The man said he had been playing with his mobile phone while driving last month but suddenly dropped the handset, according to the Ministry of Public Security's Traffic Management Bureau.

He escaped from the car through a window and swam back to shore, the bureau said.

The incident was just one example that has prompted traffic management authorities to warn that drivers risk death or injury if they use their smartphones while on the road.

About 20 percent of drivers use their phones while driving to make calls, send text messages or check their social media accounts, the bureau said on its micro blog during the National Day holiday.

With the number of smartphone users in China estimated at about 500 million and rising, using the phones while driving has become the second most popular bad habit among drivers after failing to wear safety belts, the bureau said.

Its warning was prompted by the obsession for using smartphones while ignoring the surrounding environment.

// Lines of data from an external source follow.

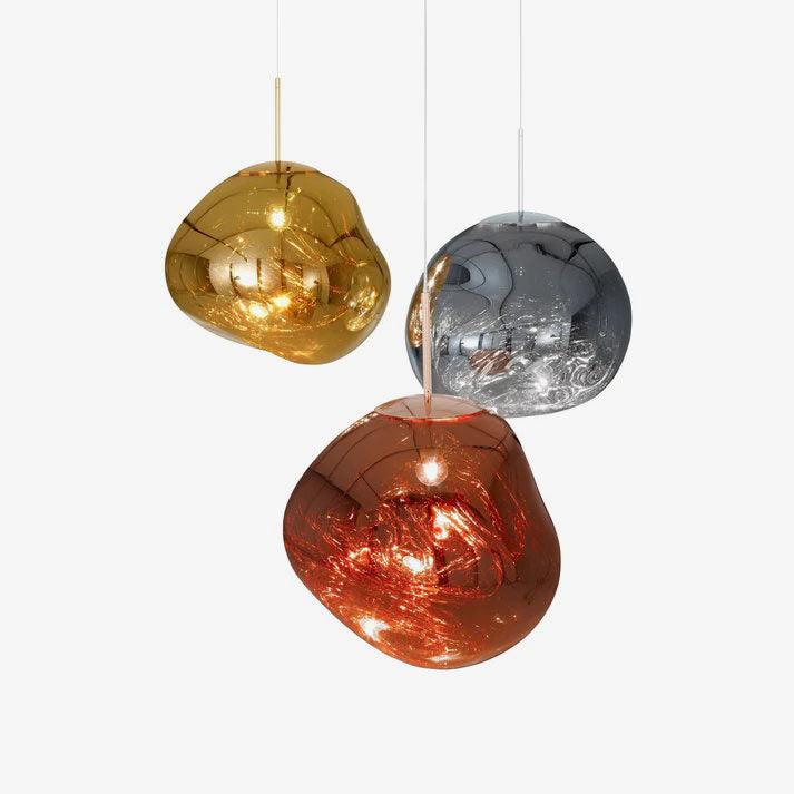 Melt 是一款精美的扭曲吊墜,採用現代銅飾面和相配的天花板玫瑰。這款吸頂燈發出迷人的輕度致幻光線,打開時會產生迷人的熔化熱吹玻璃效果,關閉時會產生鏡面效果。它發出一種有吸引力的、輕微的致幻光。熔體落地燈有銅、鉻和金三種顏色可供選擇。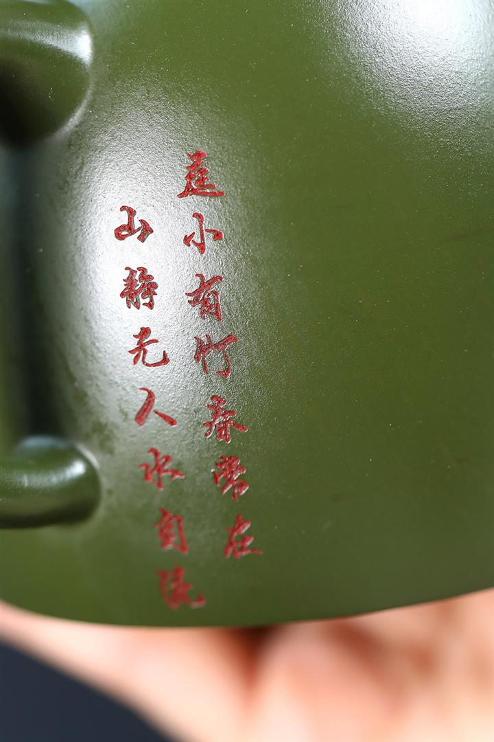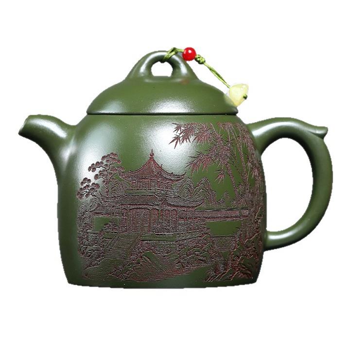 280cc原礦綠泥滿刻竹林松濤秦權茶壺POT8552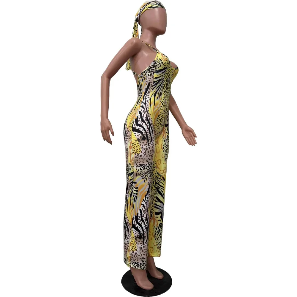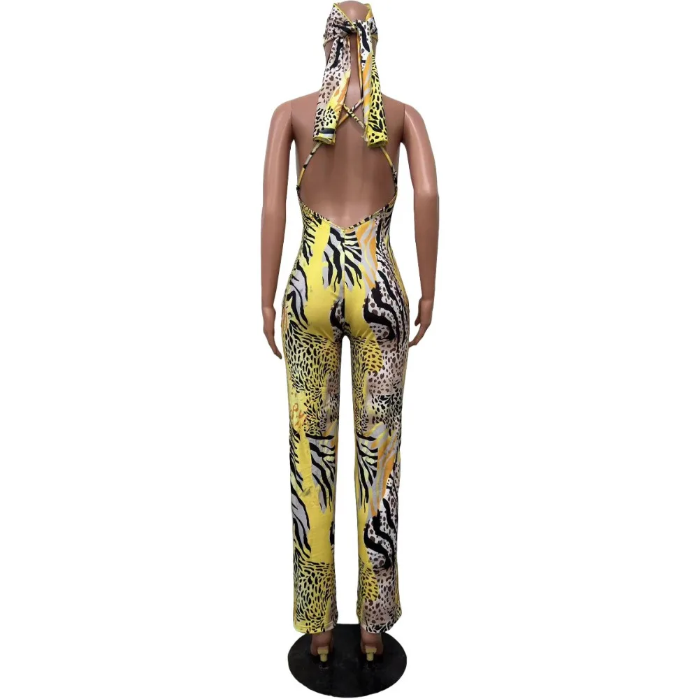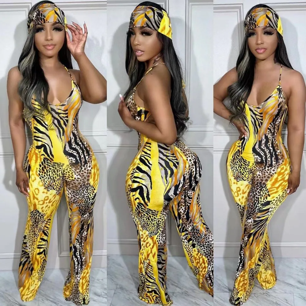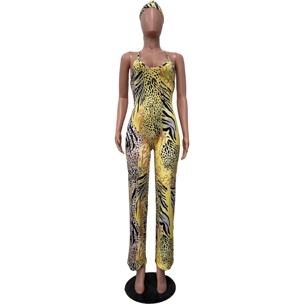 HLJ Sexy Leopard Print Bodycon Jumpsuits Women Thin Strap Sleeveless V Neck Wide Leg Pants Playsuit Female Overall With Scarf

The bureau said that looking for mobile phones while driving increases the chances of a traffic accident nine times, while sending a text message increases the chances 23 times.

Zhang Lei, a doctor at Beijing Emergency Medical Center, said the number of injuries caused by the obsession with mobile phone use has risen in the city in recent years.

Cases include pedestrians bumping into other people, falling over and breaking their bones while walking and using their smartphones.

Zhang said he once arrived at the scene of a car accident on a highway in the capital, but the car driver, who was stuck under a heavy truck, was already dead.

"We found he was still clutching his mobile phone," Zhang said.

He added that as more people become reliant on or addicted to using smartphones, safety has become an increasing problem.

"There are more valuable things in our lives than electronic products, and we should not become slaves to them," he said.

According to a report by Internet search giant Baidu in May, the mobile Internet has become the main means of communication and information source for young people in China.

The report, based on a survey of more than 11,000 people of various age groups, found that 75.5 percent of those born after 1995 said mobile phone-based chat apps were the most common means of communication with others, followed by phone calls and face-to-face conversations.